### WORK TO COMPLETE
Further down are entries; set down exactly and only the lines from the one with "For example, anyone" up to and including the one with "Klokken fungerer bra.", dropping each picture.

### TASK INPUTS
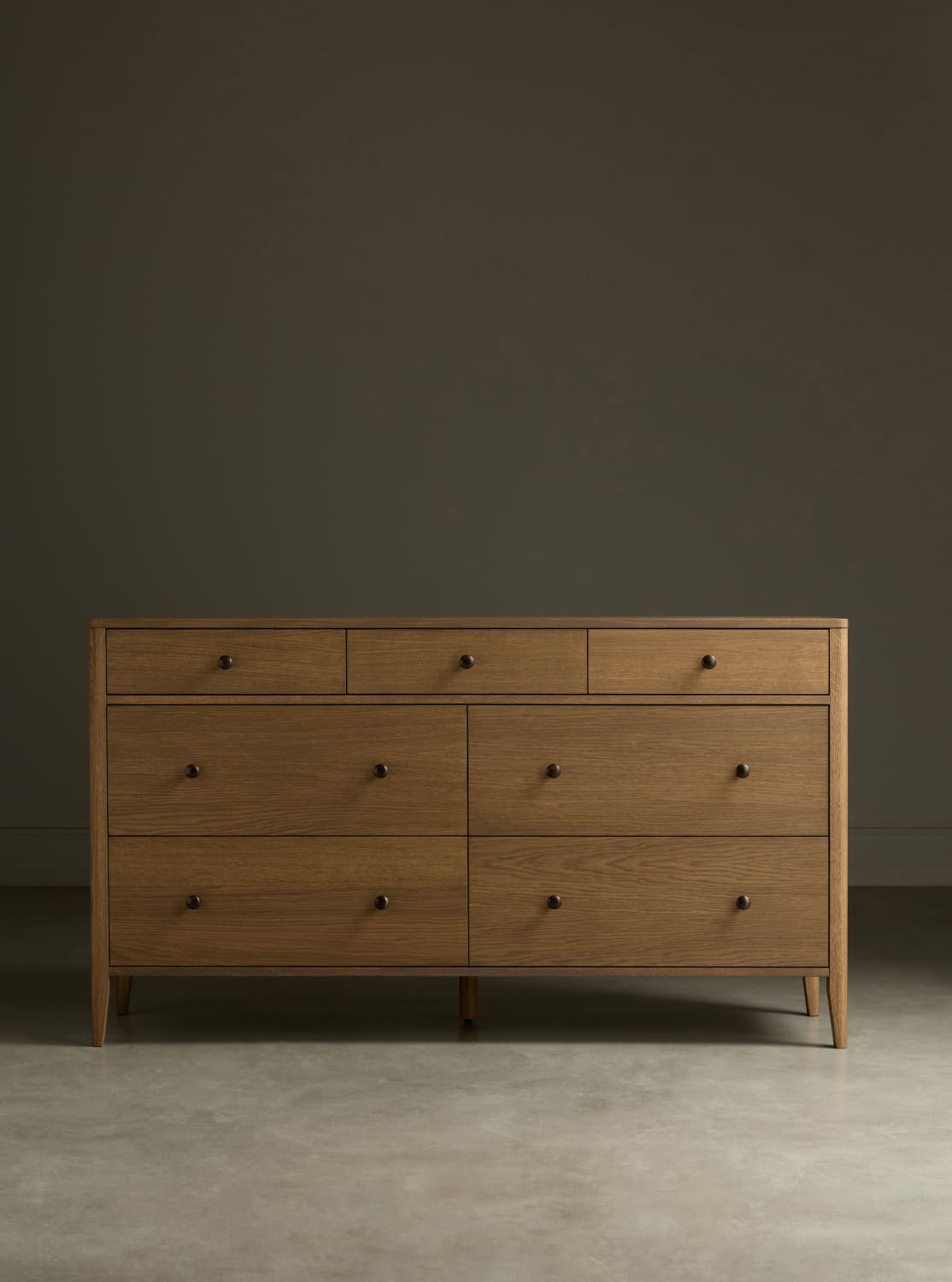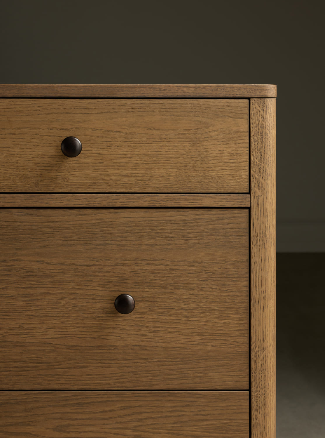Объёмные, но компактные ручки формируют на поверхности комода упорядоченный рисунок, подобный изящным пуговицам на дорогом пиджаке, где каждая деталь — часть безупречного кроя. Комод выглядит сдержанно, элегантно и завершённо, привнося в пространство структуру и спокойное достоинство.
--
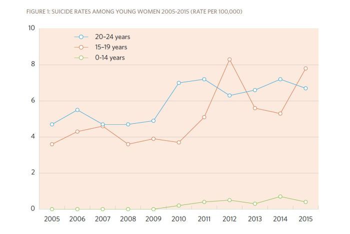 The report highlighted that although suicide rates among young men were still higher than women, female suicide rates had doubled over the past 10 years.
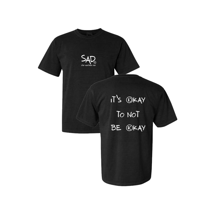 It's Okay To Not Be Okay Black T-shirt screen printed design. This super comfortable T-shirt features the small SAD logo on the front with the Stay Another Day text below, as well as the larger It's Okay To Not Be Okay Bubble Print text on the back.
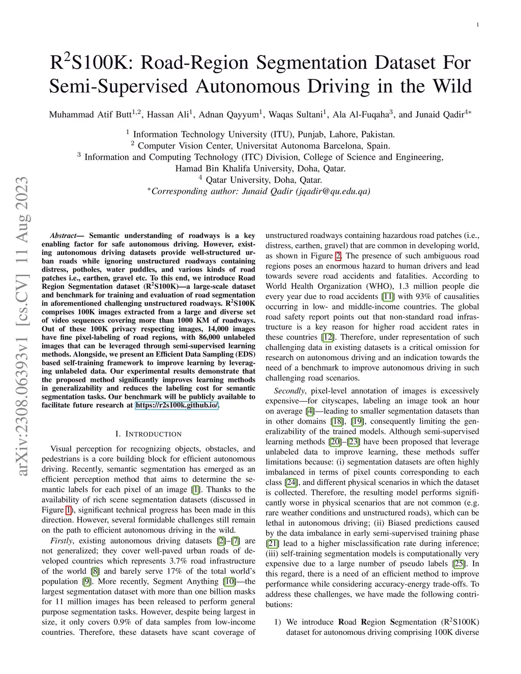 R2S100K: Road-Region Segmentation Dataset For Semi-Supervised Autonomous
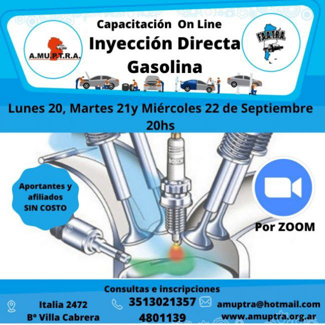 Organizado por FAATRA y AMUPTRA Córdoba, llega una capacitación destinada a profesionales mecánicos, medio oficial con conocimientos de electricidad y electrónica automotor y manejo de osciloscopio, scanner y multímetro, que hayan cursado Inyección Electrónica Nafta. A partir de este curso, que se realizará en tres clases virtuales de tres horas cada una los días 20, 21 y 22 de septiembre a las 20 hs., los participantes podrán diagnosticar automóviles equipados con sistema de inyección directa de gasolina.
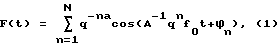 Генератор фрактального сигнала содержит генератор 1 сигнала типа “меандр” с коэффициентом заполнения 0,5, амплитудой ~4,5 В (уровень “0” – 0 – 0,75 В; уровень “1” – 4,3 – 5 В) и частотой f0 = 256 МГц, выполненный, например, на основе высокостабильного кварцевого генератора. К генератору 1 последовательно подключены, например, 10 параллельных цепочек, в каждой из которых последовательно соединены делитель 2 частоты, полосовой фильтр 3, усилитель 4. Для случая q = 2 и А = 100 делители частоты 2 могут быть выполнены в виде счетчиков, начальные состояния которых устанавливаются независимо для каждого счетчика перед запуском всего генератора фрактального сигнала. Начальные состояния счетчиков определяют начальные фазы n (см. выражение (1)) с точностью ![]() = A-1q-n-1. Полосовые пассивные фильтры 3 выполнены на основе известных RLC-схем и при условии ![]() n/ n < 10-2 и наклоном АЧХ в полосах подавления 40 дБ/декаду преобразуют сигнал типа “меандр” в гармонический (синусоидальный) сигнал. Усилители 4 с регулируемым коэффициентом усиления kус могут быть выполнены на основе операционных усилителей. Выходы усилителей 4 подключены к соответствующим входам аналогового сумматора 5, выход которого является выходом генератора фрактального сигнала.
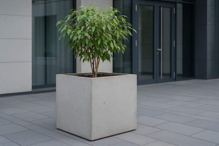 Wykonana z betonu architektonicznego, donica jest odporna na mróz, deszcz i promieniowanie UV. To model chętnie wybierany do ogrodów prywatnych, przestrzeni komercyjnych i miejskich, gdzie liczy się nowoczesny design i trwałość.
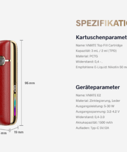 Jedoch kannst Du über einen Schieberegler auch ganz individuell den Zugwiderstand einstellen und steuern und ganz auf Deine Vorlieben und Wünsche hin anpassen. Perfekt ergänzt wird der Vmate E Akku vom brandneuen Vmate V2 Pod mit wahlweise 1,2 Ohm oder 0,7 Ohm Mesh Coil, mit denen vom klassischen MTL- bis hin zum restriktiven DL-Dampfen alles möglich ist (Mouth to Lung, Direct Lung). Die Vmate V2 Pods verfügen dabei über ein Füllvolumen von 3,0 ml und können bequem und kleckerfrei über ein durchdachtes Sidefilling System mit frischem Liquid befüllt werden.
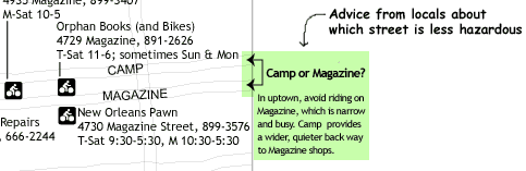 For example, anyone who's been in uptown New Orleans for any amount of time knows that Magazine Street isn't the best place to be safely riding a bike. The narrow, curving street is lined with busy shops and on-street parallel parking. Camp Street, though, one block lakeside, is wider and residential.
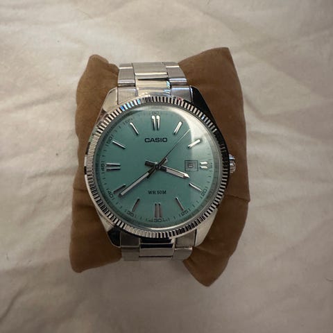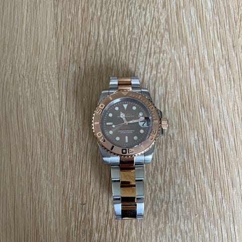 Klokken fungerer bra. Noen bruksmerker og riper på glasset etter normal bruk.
---
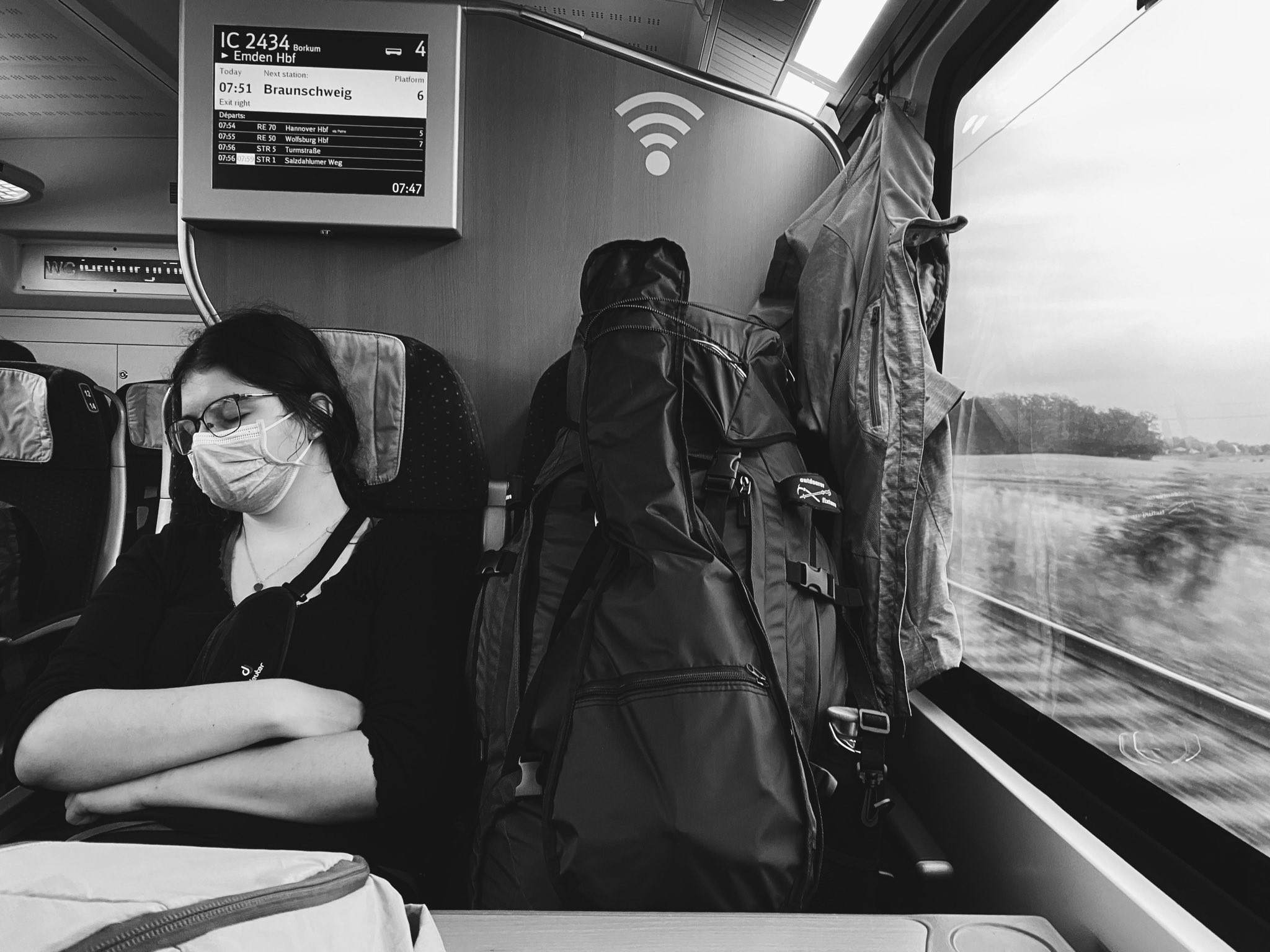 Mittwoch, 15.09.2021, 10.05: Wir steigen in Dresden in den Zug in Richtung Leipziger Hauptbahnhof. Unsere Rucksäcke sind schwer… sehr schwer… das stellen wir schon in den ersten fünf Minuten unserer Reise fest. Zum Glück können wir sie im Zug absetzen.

### ANSWER TO THE PROBLEM
 For example, anyone who's been in uptown New Orleans for any amount of time knows that Magazine Street isn't the best place to be safely riding a bike. The narrow, curving street is lined with busy shops and on-street parallel parking. Camp Street, though, one block lakeside, is wider and residential.
 Klokken fungerer bra. Noen bruksmerker og riper på glasset etter normal bruk.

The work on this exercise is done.